Lefty Grove- 300 Game Winner

In July of 1941, forty one year old Robert Moses “Lefty” Grove won for the three hundredth and final time of his career. The left-handed pitcher would start six more games after that victory, but would win no more; at the time of his retirement Lefty Grove ranked twelfth on the all-time wins list for pitchers. Time has seen that number drop to twenty first, but make no mistake. Nobody above or below Lefty Grove on that list was superior to the man with the blazing fastball and hot temper, a pitcher whose lifetime record was an amazing 300-141, and could have included possibly 100 more wins had he begun his career when he could have.

Although he mellowed as he grew older, the tales of Lefty Grove’s temper are many. Suffice to say that Lefty Grove hated to lose, illustrated by the fact that he never forgave outfielder Al Simmons for missing the game in which Lefty Grove could have tied the American League record for consecutives win at seventeen. Simmons took the day off to go see a doctor, and when his replacement misjudged a fly ball into a game winning hit, Lefty Grove never cut Simmons any slack for as long as he lived. When Lefty Grove did finally get his temper in check and his wicked fastball under control, he was virtually unbeatable.

Lefty Grove began his pro career with the minor league Baltimore Orioles, owned by Jack Dunn, the same fellow who had discovered Babe Ruth. As the Orioles were unaffiliated with any major league team, Dunn kept Lefty Grove in Baltimore until the right offer from one of them came along. At the age of twenty in 1920, Lefty Grove went 12-2 for Baltimore; over the next four seasons he would run his minor league mark to an astounding 109-36. Finally, Connie Mack, owner of the Philadelphia Athletics, bought Lefty Grove for the then huge sum of $106,000, the most ever paid for a player at that time. Lefty Grove had some trouble at first adjusting to the major leagues. That, and arm trouble, caused him to go 10-13 his rookie year of 1925 despite leading the league in strikeouts with 116, which was eight more than Walter Johnson rang up.

Lefty Grove finished at .500, 13-13, in 1926 and won the first of his record nine earned run average titles with a 2.51 standard. The following season he won twenty games for the first time.
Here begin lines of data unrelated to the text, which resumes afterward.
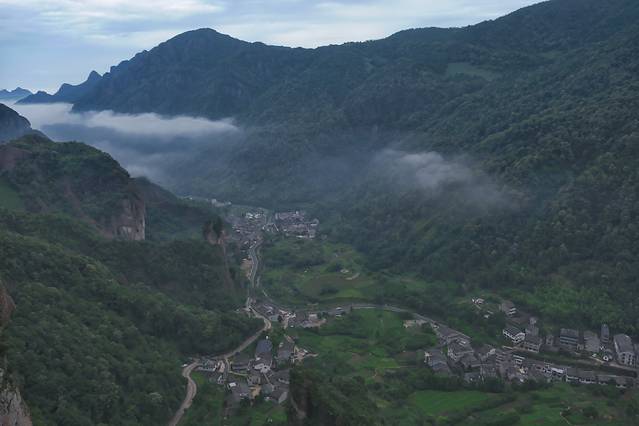 方洞:方洞悬崖峭壁之间开凿的一条栈道,是雁荡山金带嶂半山腰上的一条金色腰带,进入景区便进入了栈道,栈道蜿蜒曲折一路延伸,正赶上雁荡山雨后云海,一侧的山峦、栈道、农田、乡村一下子进入到仙境模式,看到如此梦幻的景色,真的有点舍不得离开的情绪呢。栈道一侧有一个洞穴咖啡,可以落脚休息拍美照哦。
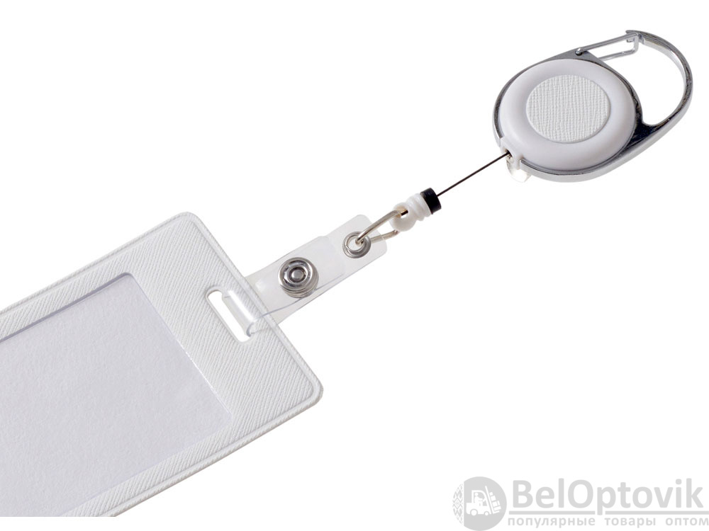 Прочный чехол для пропуска из экокожи с ретрактором. Ретрактор можно удобно закрепить на одежде, за ремень или карман брюк, например. При этом, когда пропуск нужно приложить к электронному считывающему устройству, достаточно просто слегка потянуть и будет получена необходимая длина.
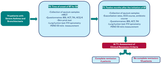 T1 (12-Month Follow-Up): Twelve months after the initiation of BT, the same parameters were reassessed to evaluate the achievement of complete clinical remission. This included repeated lung function tests, a review of exacerbation rates, OCS usage, and antibiotic use. The ACT, ACQ-6, and TAI scores were also reevaluated. Further, the impact of bronchiectasis on remission was assessed using the Bronchiectasis Severity Index (BSI) and FACED score. The remission criteria were defined according to the Severe Asthma Network Italy (SANI) guidelines, which required the absence of OCS use, no asthma-related symptoms, no exacerbations, and stable lung function.
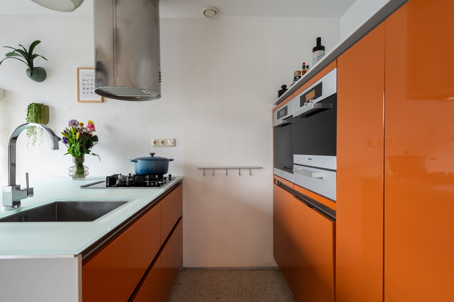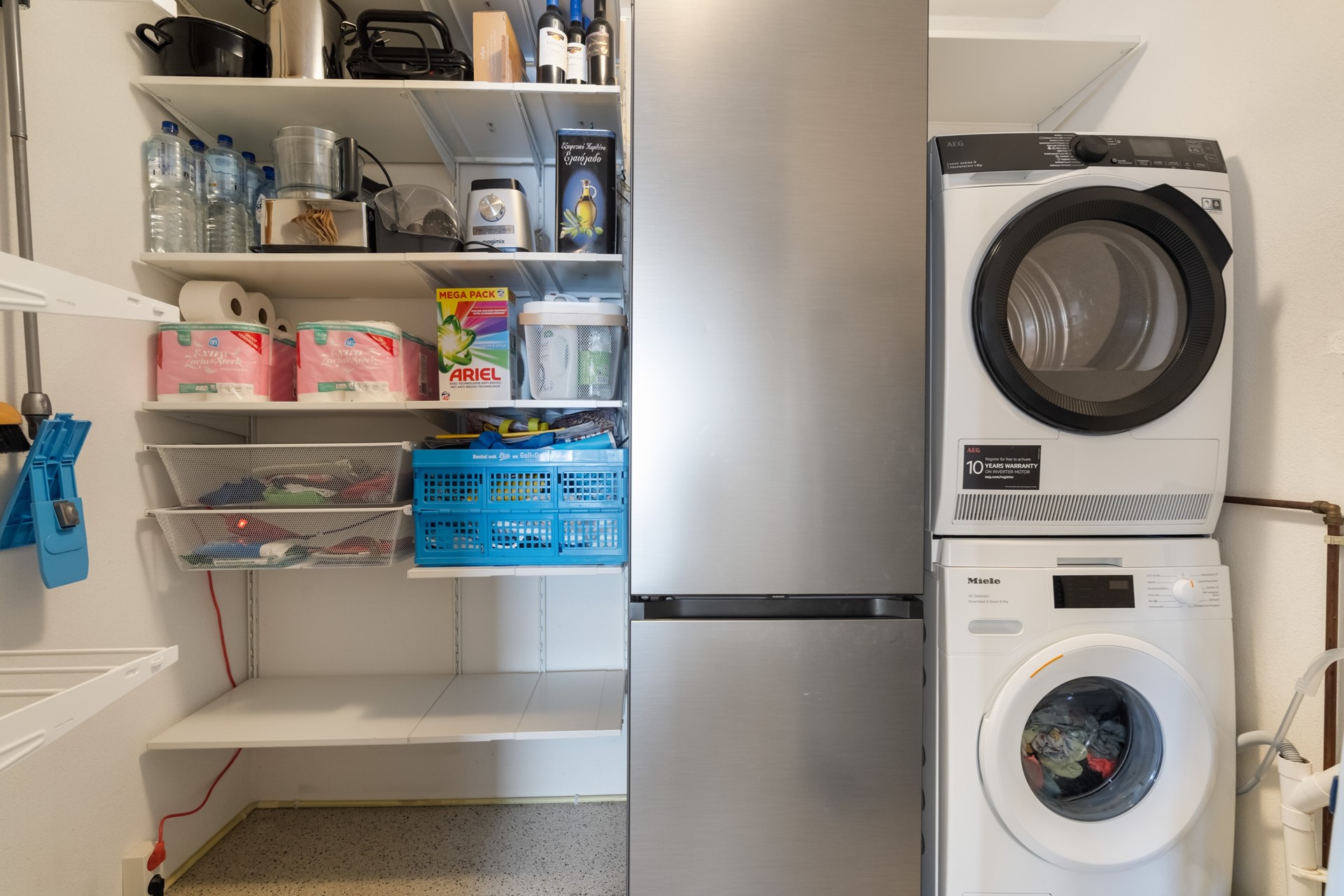 Entree/hal met meterkast en kast waarin de cv-ketel en WTW in zijn opgesteld; Royale bergruimte / bijkeuken met opstelplaats voor de wasmachine, droger en een zee aan ruimte voor allerhande spullen als wasmiddelen en proviand. Twee slaapkamers variërend in ruimte waarvan de kleinste nu in gebruik is als kinderkamer maar ook prima dienst kan doen als werkkamer. De grote slaapkamer heeft zelfs een deur naar het terras, dat is lekker wakker worden! De Badkamer is voorzien van een bad, inloopdouche, badkamermeubel met dubbele wastafel en een radiator. Óók heel fijn zijn het raam voor daglicht en frisse lucht en de frisse betegeling; Separaat modern toilet met hangend closet, fonteintje en betegeling in dezelfde stijl als de badkamer. Hierna loop je door naar de opvallend ruime en lichte woonkamer van ruim 30 m2 die beschikt over fijne raampartijen. De keuken is open en niet alleen voorzien van voldoende kastruimte en inbouwapparatuur voor uren kookplezier maar ook een kook/spoel eiland om al vast lekker aan plaats te nemen met een wit wijntje terwijl de kok de mise en place doet. #genieten! Het terras is aan de achterzijde van het complex gerealiseerd en kijkt daardoor lekker weg en doordat het complex zelf als buffer dient is het er heerlijk rustig zodat je na de werkdag nog fijn kunt ontspannen. Om het geheel compleet te maken is er nog een berging én een eigen parkeerplaats in de onderbouw.
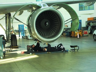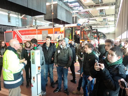 Im Anschluss folgte die direkte Anschauung in Form einer Flughafenführung. Sicherheitskontrolle, Abfertigungsbereiche, Rollfeld, Winterdienst und Gepäcklogistik. Im Gebäude der Flughafenfeuerwehr gab es Einsatztrucks zu bestaunen, deren Raddurchmesser so manche Schülerlänge überragte. Tonnenschwere Kolosse, die mithilfe von Panzermotoren jeden Winkel des Flughafengeländes innerhalb von nur zwei Minuten erreichen können. Die Löschleistung dieser Fahrzeuge lässt sich mit nichts vergleichen, was die Schüler aus den Feuerwehrmagazinen ihrer Heimatorte gewohnt sind – alles eben eine Nummer größer hier. In einer riesigen Wartungshalle der Lufthansa durften wir uns dann frei bewegen: Cockpit erkunden, Turbinen umrunden, den Technikern über die Schulter schauen, unter dem Bauch mächtiger Langstreckenflieger stehen und das Kabelgewirr der elektrischen Infrastruktur solcher Maschinen bestaunen. Faszination und Spannung pur. Dafür wurde dann gerne in Kauf genommen, dass wir erst einen Zug später heimwärts gen Rottweil nehmen konnten.
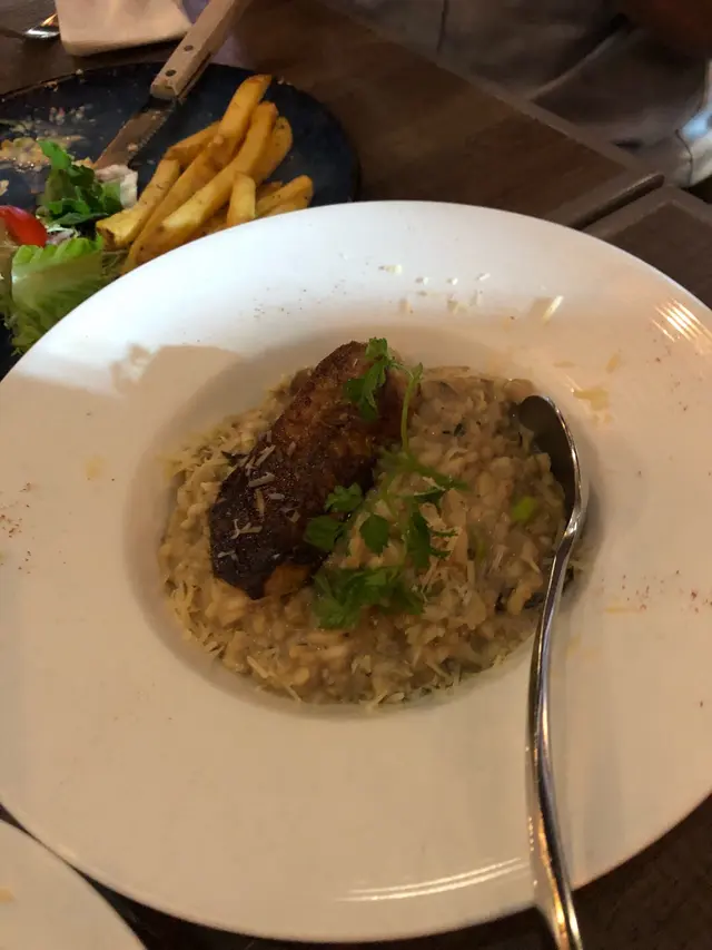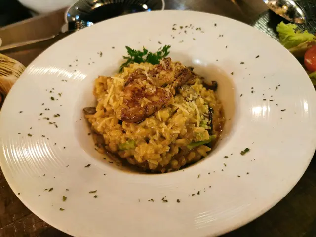呢日同大少、小妹嚟到九龍灣食晚餐。依間餐廳之前都嚟過,嘢食好好味。佢工業風嘅設計,天花吊住一架架飛機,又有燈泡,同埋唔同特色嘅油畫,好有格調!柚子脆皮豬手:豬手外皮酥脆,搭配柚子的酸甜風味,為整道菜增添了新鮮感。豬肉質地軟嫩多汁,完美地融合了柚子的香氣,每一口都帶來令人滿足的口感。香煎蘆筍鵝肝牛肝菌意大利飯:香煎的蘆筍、鵝肝和牛肝菌搭配在一起,為這道菜帶來豐富的層次和口感。意大利飯煮得恰到好處,每一粒米飯都充滿了濃郁的芝士和野菌味。燒羊架:羊肉經過精心的燒烤,外表金黃酥脆,內裡嫩滑多汁。肉質鮮美,帶有獨特的羊肉香氣,每一口都能品味到豐富的風味。燒茄子:茄子經過燒烤後,外皮烤得微焦,內部保持著柔軟的質地。茄子的天然甜味和燒烤的香氣相互融合,十分美味。丁香肉桂檸蜜:以丁香、肉桂和檸檬為主要味道,口感柔軟順滑,甜度適中,而且帶有微微的酸味,讓人回味無窮。…查看更多

It would not be the last time Lefty Grove reached that number. In all, Lefty Grove won at least twenty contests in a year a total of seven times, with a thirty one win season in 1931. From 1928 through the 1931 season, Lefty Grove went a mind-numbing 108-23! The A’s won the AL pennant in ’29, ’30, and ’31 and the World Series in ’29 and ’30. His 1931 campaign, in which Lefty grove went 31-4, is arguably the best ever had by a major league pitcher. This was at a time when the ball had been juiced to bring fans to the park during the start of the Depression, yet Lefty Grove’s ERA was 2.06 and he led the AL in wins, won-loss percentage, strikeouts, complete games, shutouts, ERA, and a host of other categories. Lefty Grove was named the American League MVP in 1931, only the second hurler to win the award, Walter Johnson having done it twice.

The A’s lost the 1931 World Series to the St. Louis Cardinals in seven games that year, despite Lefty Grove winning games one and six. The A’s placed second to the Yankees in 1932 and then to the Senators in 1933 and as the Great Depression tightened its noose around Connie Mack he began to sell off his stars for cash. Lefty Grove was sent to the Red Sox at the age of 34 in 1934, but he was basically damaged goods. An arm injury ended his streak of wonderful seasons, and Lefty Grove finished 1934 at 8-8. He had to learn how to pitch by guile instead of overpowering batters, and he did it well enough to post one more twenty win year in 1935, followed by several more strong seasons. Lefty Grove’s Red Sox record was 105-62, as his starts decreased as he aged. His winning percentage of .680 currently ranks Lefty Grove ninth all-time, but none of the pitchers ahead of him on that roster have 300 wins.

As good as Lefty Grove was as a pitcher is how bad he was as a hitter. He struck out 593 times in his 1396 at-bats, hitting only .148 lifetime. But he was not being paid to hit. Lefty Grove, who was elected to the Baseball Hall of Fame in 1947, passed away in 1975. Of the man who led the American League in strikeout seven years in a row, fellow Hall of Fame member Charlie Gehringer once said, “His fastball was so fast that by the time you’d made up your mind whether it would be a strike or not, it just wasn’t there anymore.”